Старец. Да уже как не стало Годуновых, так некому и лгать, что он не истинный царевич. Кому это лучше знать, как не боярину Богдану Яковлевичу Вельскому. Ведь он вырос и состарелся в царских палатах, был в большой милости у покойного царя Ивана Васильевича, был пестуном детей царских и знает все тайное, что делалось в палатах. А боярин Вельский всенародно на Лобном месте снял с груди образ Николая Чудотворца, поцеловал его и клялся, что новый царь есть истинный сын Иоаннов, спасенный и данный нам Николаем Чудотворцем, убеждал со слезами любить того, кто возлюблен Богом, и служить ему верно. (106). Ну как бы осмелился такой знаменитый боярин лжесвидетельствовать пред народом и губить душу свою?
Стрелец. Да кто посмеет теперь усомниться? Скажи слово – так мы тотчас сорвем голову, как маковку!
Ратник. Смерть всякому злодею!
Ямщик. Разорвем на части!
Стрелец. Подай-ка сюда ведро с медом, Васька! Вот и ковш! (Пьет.) За здоровье царя Димитрия Ивановича! Ура!
Все. Да здравствует царь наш Димитрий Иванович!
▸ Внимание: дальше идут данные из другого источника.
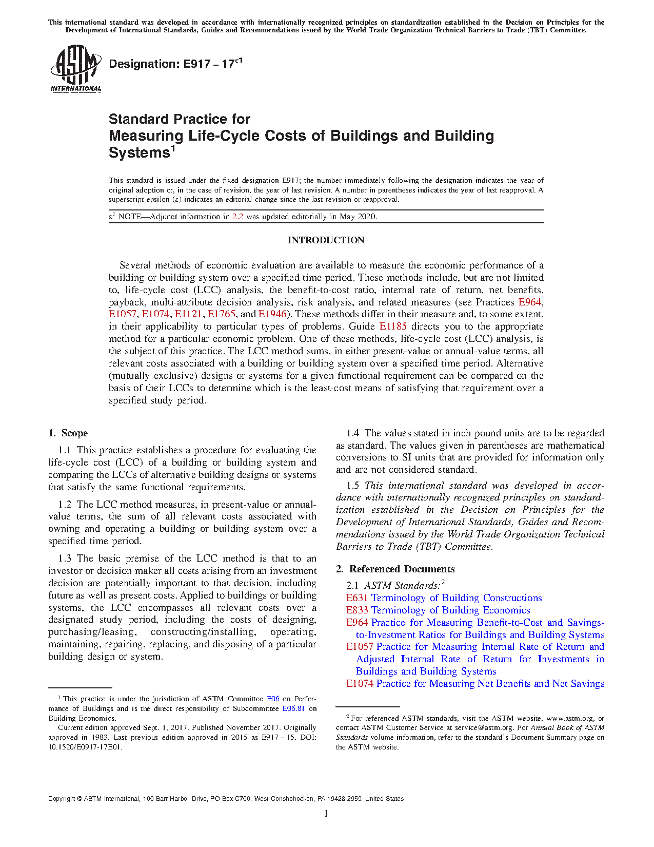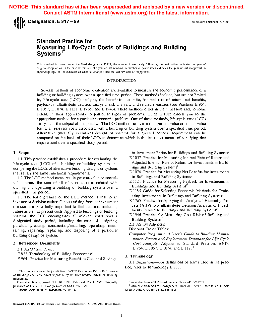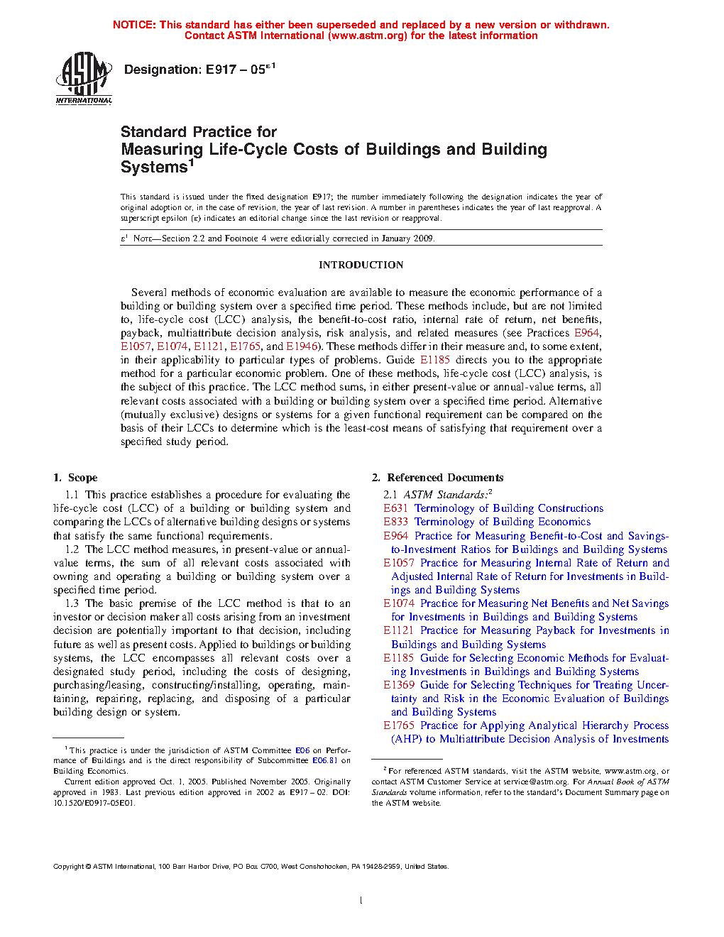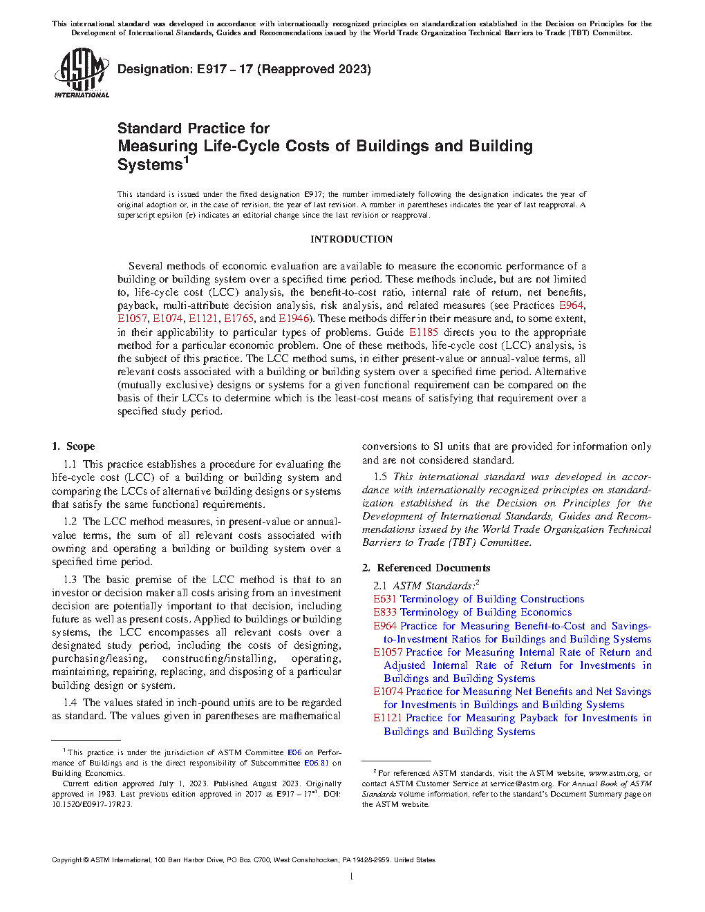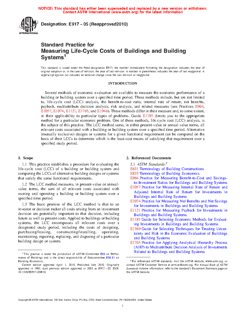1.1 This practice establishes a procedure for evaluating the life-cycle cost (LCC) of a building or building system and comparing the LCCs of alternative building designs or systems that satisfy the same functional requirements.

Ура!
* * *
После пышного пиршества в Золотой палате бояре разошлись по домам, чтоб отдохнуть по обычаю, а Лжедимитрий остался во дворце с приближенными своими поляками, иезуитами и чужеземными телохранителями. Из русских был при нем один Петр Федорович Басманов, который из приверженности к царю отказался от всех русских обычаев. Лжедимитрий велел следовать за собою Басманову, Меховецкому, Бучинскому, иезуиту Савицкому и капитану своих драбантов Маржерету и пошел в рабочую палату царя Бориса, которая оставалась запертою со дня свержения Феодора с престола.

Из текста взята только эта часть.